Я просто заменил бы и. Это станет чем-то вроде:

a=123;b=456;c=ok

Итак, теперь вам нужно просто оценить и прочитать ваши вары:

eval `echo "${QUERY_STRING}"|tr '&' ';'`
echo $a
echo $b
echo $c

Ответ 9

Хотя принятый ответ, пожалуй, самый красивый, могут быть случаи, когда безопасность очень важна, и она также должна быть хорошо видна из вашего сценария.

В таком случае, во-первых, я бы не стал использовать bash для этой задачи, но если это нужно сделать по какой-то причине, может быть, лучше избегать этих новых возможностей массива - словаря, потому что вы не можете быть уверены, насколько точно они сбежали.

В этом случае старые добрые примитивные решения могут работать:

QS="${QUERY_STRING}"
while [ "${QS}" != "" ]
do
  nameval="${QS%%&*}"
  QS="${QS#$nameval}"
  QS="${QS#&}"
  name="${nameval%%=*}"
  val="${nameval#$name}"
  val="${nameval#=}"

  # and here we have $name and $val as names and values

  # ...

done

Это перебирает пары имя-значение в QUERY_STRING, и нет способа обойти его любой хитрой escape-последовательностью - " - очень сильная вещь в bash, за исключением подстановки имени одной переменной, который полностью контролируется нами, ничего нельзя обмануть.

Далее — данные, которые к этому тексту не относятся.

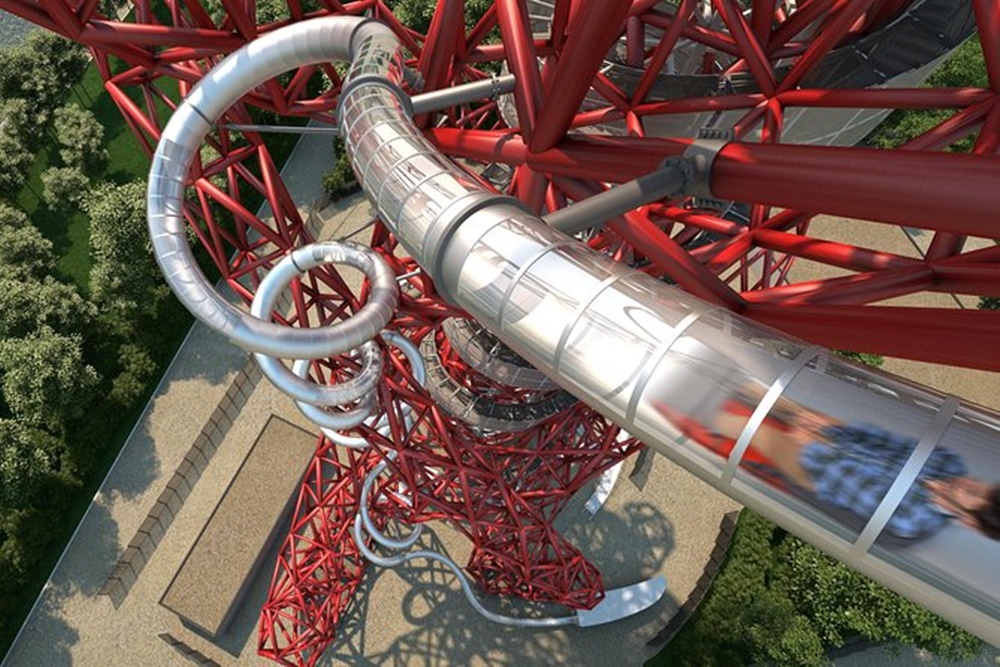 '런던 슬라이드'라고도 불리는 아르셀로미탈 궤도는 세계에서 가장 긴 미끄럼틀로도 유명합니다. 이 설치물은 2012 런던 올림픽을 기념해 만들어졌는데요. 이 탑이 공개되었을 때 평론가들과 대중들의 반응은 그리 좋지 않았습니다. 영국 신문들은 '공공미술의 고질라'라고 혹평했으며 대중들은 '물담배통' 같다며 비난했죠. 이 조형물의 가격도 논란이 되었는데요.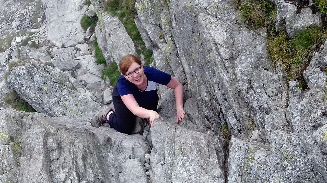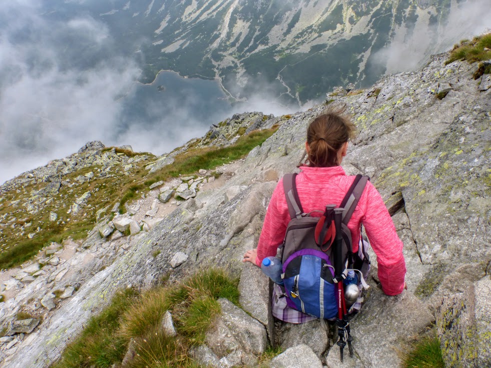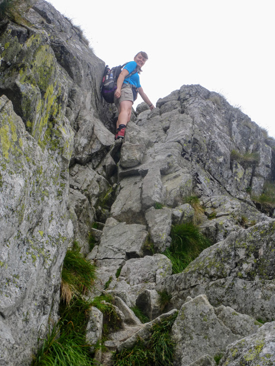 Kiedy już uporałyśmy się ze wszystkimi gwiazdorskimi obowiązkami, zakończyłyśmy sesje zdjęciowe, wyleżałyśmy się na zimnych kamieniach i wysmagał nas wiatr, nadeszło nieuniknione. Skoro się weszło, trzeba też zejść. Na próżno było szukać u mnie entuzjazmu, nie jestem fanką schodzenia z gór. Nie bardzo miałam jednak wyjście, więc wzięłam się w garść i zlazłam. I wiecie co? Było dużo łatwiej niż przypuszczałam. Nawet ta pierwsza, straszna przeszkoda, której obawiałam się najbardziej, przy schodzeniu nie sprawiła mi większych trudności. Chyba po prostu Kościelec miał mnie serdecznie dość i postanowił zezwolić mi na możliwie szybkie opuszczenie szczytu. Dzięki, miła góro!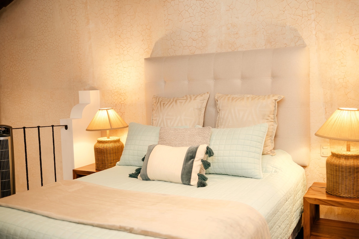 Cozy colonial villa at the entrance of Antigua. Perfectly located to enjoy the vibrancy of the city and then relax and unwind. Ideal for families with two small children or couples. Ground Floor: Cozy living room (sofa bed!), lush garden views, fully equipped kitchen, & intimate dining for 4. Work al fresco under the shade in the garden. Upper Floor: Queen-size bed with ample storage, smart TV entertainment, & a sparkling bathroom (powerful shower!), stocked with essentials.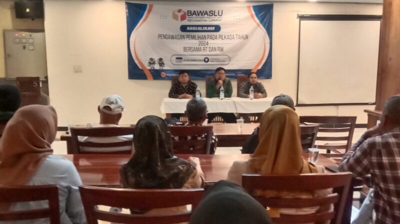 KAB.BANDUNG Panitia Pengawas Pemiu (Panwaslu) Kecamatan Ciparay menggelar sosialisasi pengawasan pada Pilkada tahun 2024 bersama RT dan RW se Kecamatan Ciparay , yang dibuka oleh Ketua Panwaslu Kecamatan Ciparay Ade Irpan Al Anshory, M.Pd, bertempat di Autorium Lantai 2 Hotel Karasak Desa Ciheulang , pada Sabtu (16/11/2024).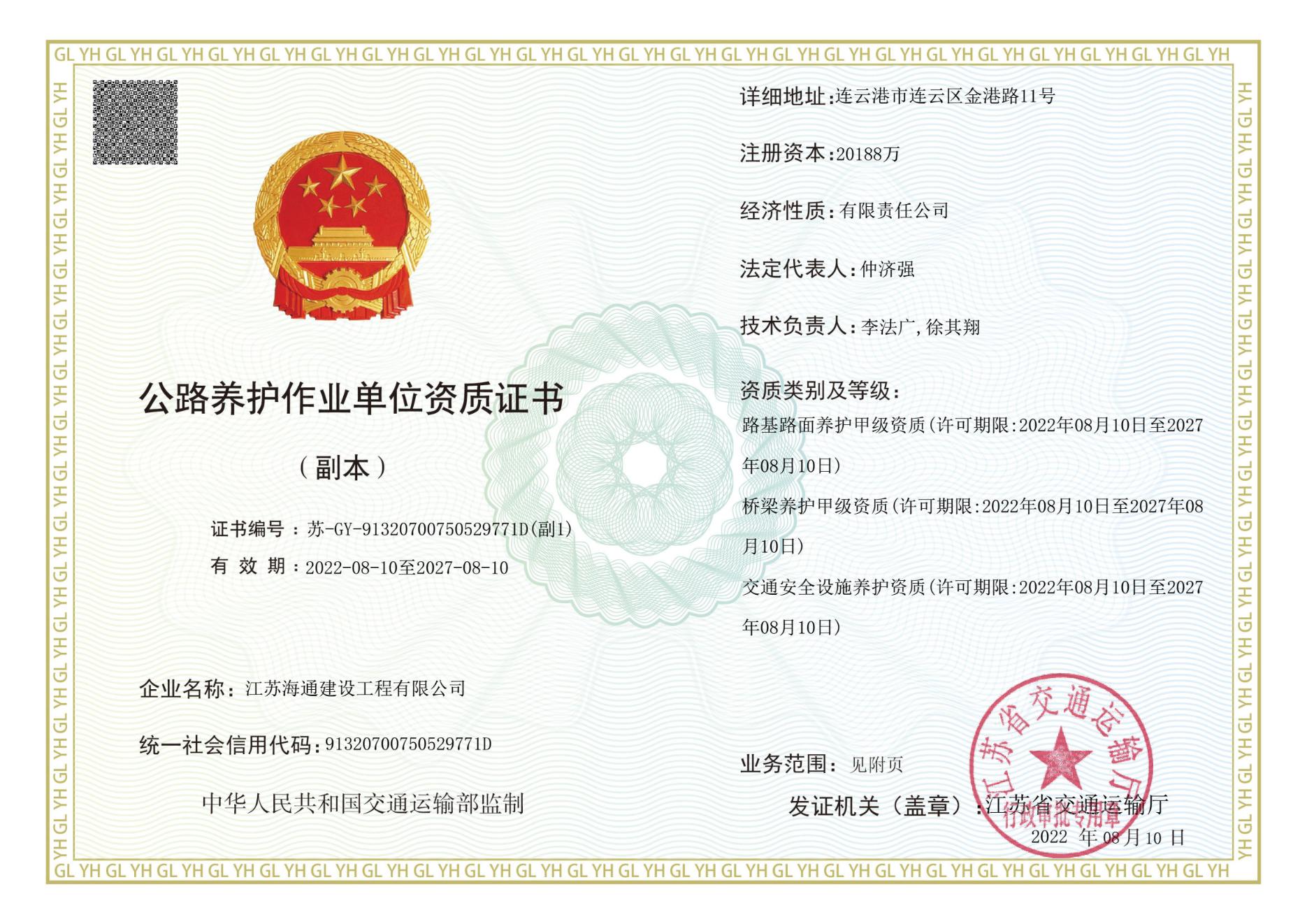 近日,江苏海建公司增项公路养护作业资质工作传来佳音,经江苏省交通运输厅核准,公司申报的路基路面养护甲级、桥梁养护甲级级、交通安全设施养护资质成功获批并取得证书。

Кроме того, вы можете добавить свой собственный код обработки в "# ...". Это позволяет вам разрешить только свой собственный, четко определенный (и, в идеале, короткий) список разрешенных имен переменных. Само собой разумеется, LD_PRELOAD не должен быть одним из них. ;-)

Кроме того, никакая переменная не будет экспортирована, и будут использоваться исключительно QS, nameval, name и val.

Ответ 10

Чтобы обновить эту версию, если у вас есть последняя версия Bash, вы можете добиться этого с помощью регулярных выражений:

q="$QUERY_STRING"
re1='^(\w+=\w+)&?'
re2='^(\w+)=(\w+)$'
declare -A params
while [[ $q =~ $re1 ]]; do
  q=${q##*${BASH_REMATCH[0]}}       
  [[ ${BASH_REMATCH[1]} =~ $re2 ]] && params+=([${BASH_REMATCH[1]}]=${BASH_REMATCH[2]})
done

Если вы не хотите использовать ассоциативные массивы, просто измените предпоследнюю строку, чтобы сделать то, что вы хотите. Для каждой итерации цикла параметр находится в ${BASH_REMATCH[1]}, а его значение находится в ${BASH_REMATCH[2]}.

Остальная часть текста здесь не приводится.